With D anchored in history, Wellhausen proceeded to place the remaining sources around it. He accepted Karl Heinrich Graf's conclusion that the sources were written in the order J-E-D-P. This was contrary to the general opinion of scholars at the time, who saw P as the earliest of the sources, "the official guide to approved divine worship", and Wellhausen's sustained argument for a late P was the great innovation of the Prolegomena. J and E he ascribed to the early monarchy, approximately 950 BCE for J and 850 BCE for E; P he placed in the early Persian post-Exilic period, around 500 BCE. His argument for these dates was based on what was seen in his day as the natural evolution of religious practice: in the pre-and early monarchic society described in Genesis and Judges and Samuel, altars were erected wherever the Patriarchs or heroes such as Joshua chose, anyone could offer the sacrifice, and portions were offered to priests as the one offering the sacrifice chose; by the late monarchy sacrifice was beginning to be centralized and controlled by the priesthood, while pan-Israelite festivals such as Passover were instituted to tie the people to the monarch in a joint celebration of national history; in post-Exilic times the temple in Jerusalem was firmly established as the only sanctuary, only the descendants of Aaron could offer sacrifices, festivals were linked to the calendar instead of to the seasons, and the schedule of priestly entitlements was strictly mandated.
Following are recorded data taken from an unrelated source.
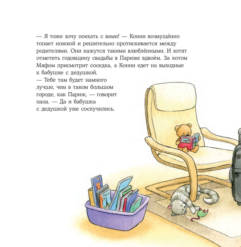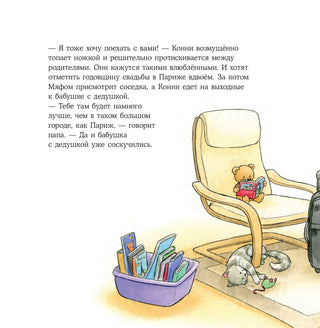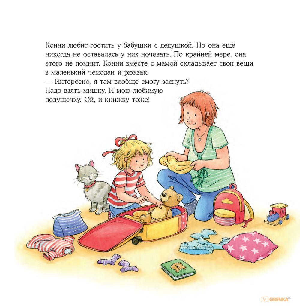 Бывает, что родителям надо куда-то уехать без детей. Тогда на помощь приходят бабушки и дедушки. Вот и Конни отправляется в гости к своим. И не просто на пару часов, а с ночевкой, на все выходные! Эта добрая история покажет малышу, что с бабушкой ничего не страшно, а дедушка знает так много интересных игр, что заскучать не получится.
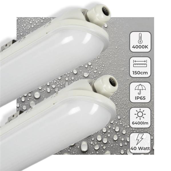 Dit LED TL armatuur compleet met 150cm lengte is de perfecte professionele verlichtingsoplossing voor vochtige en veeleisende omgevingen. Met een verbruik van slechts 40W levert het armatuur een krachtige lichtstroom van 6400 lumen, ideaal voor grote werkplaatsen, magazijnen, sporthallen of andere ruimtes waar je veel helder en betrouwbaar licht nodig hebt. Dit armatuur vervangt een traditionele 280W halogeen lamp. De IP65 classificatie maakt dit armatuur volledig waterdicht en geschikt voor gebruik in vochtige ruimtes. Deze set bevat 2 stuks voor een voordelige prijs.
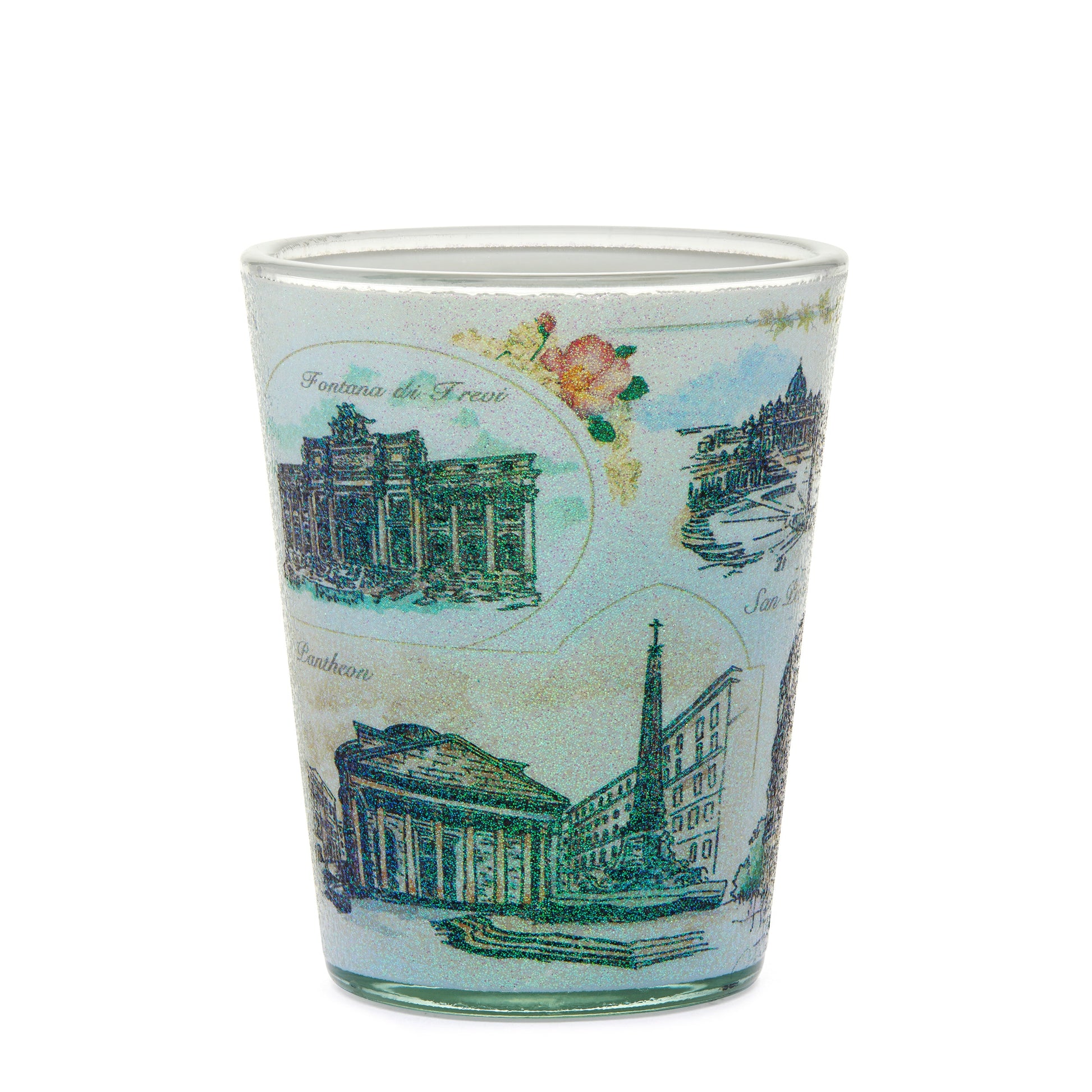 A charming souvenir shot glass made of glass, perfect for collectors or as a gift. Its subtle sparkly finish highlights the iconic monuments of Rome, making it a beautiful keepsake to remember the Eternal City.

The four were combined by a series of Redactors (editors), first J with E to form a combined JE, then JE with D to form a JED text, and finally JED with P to form JEDP, the final Torah. Taking up a scholarly tradition stretching back to Spinoza and Hobbes, Wellhausen named Ezra, the post-Exilic leader who re-established the Jewish community in Jerusalem at the behest of the Persian emperor Cyrus in 458 BC, as the final redactor
After Wellhausen
For much of the 20th century Wellhausen's hypothesis formed the framework within which the origins of the Pentateuch were discussed, and even the Vatican, a staunch critic of secular biblical scholarship in the 19th century, came to accept the methods, if not the findings, of source and form criticism. Some important modifications were introduced, notably by Albrecht Alt and Martin Noth, who argued for the oral transmission of ancient core beliefs - guidance out of Egypt, conquest of the Promised Land, covenants, revelation at Sinai/Horeb, etc. Simultaneously, the work of the American school of biblical archaeologists such as William F. Albright and Cyrus Gordon seemed to confirm that even if Genesis and Exodus were only given their final form in the first millennium BC, they were still firmly grounded in the material reality of the second millennium. The overall effect of such refinements was to aid the wider acceptance of the basic hypothesis, by reassuring believers that even if the final form of the Pentateuch was not due to Moses himself, and "despite the late date of the Pentateuch, we can nevertheless recover a credible picture of the period of Moses and even of the patriarchal age. Hence opposition to the documentary hypothesis gradually waned, and by the mid-twentieth century it was almost universally accepted."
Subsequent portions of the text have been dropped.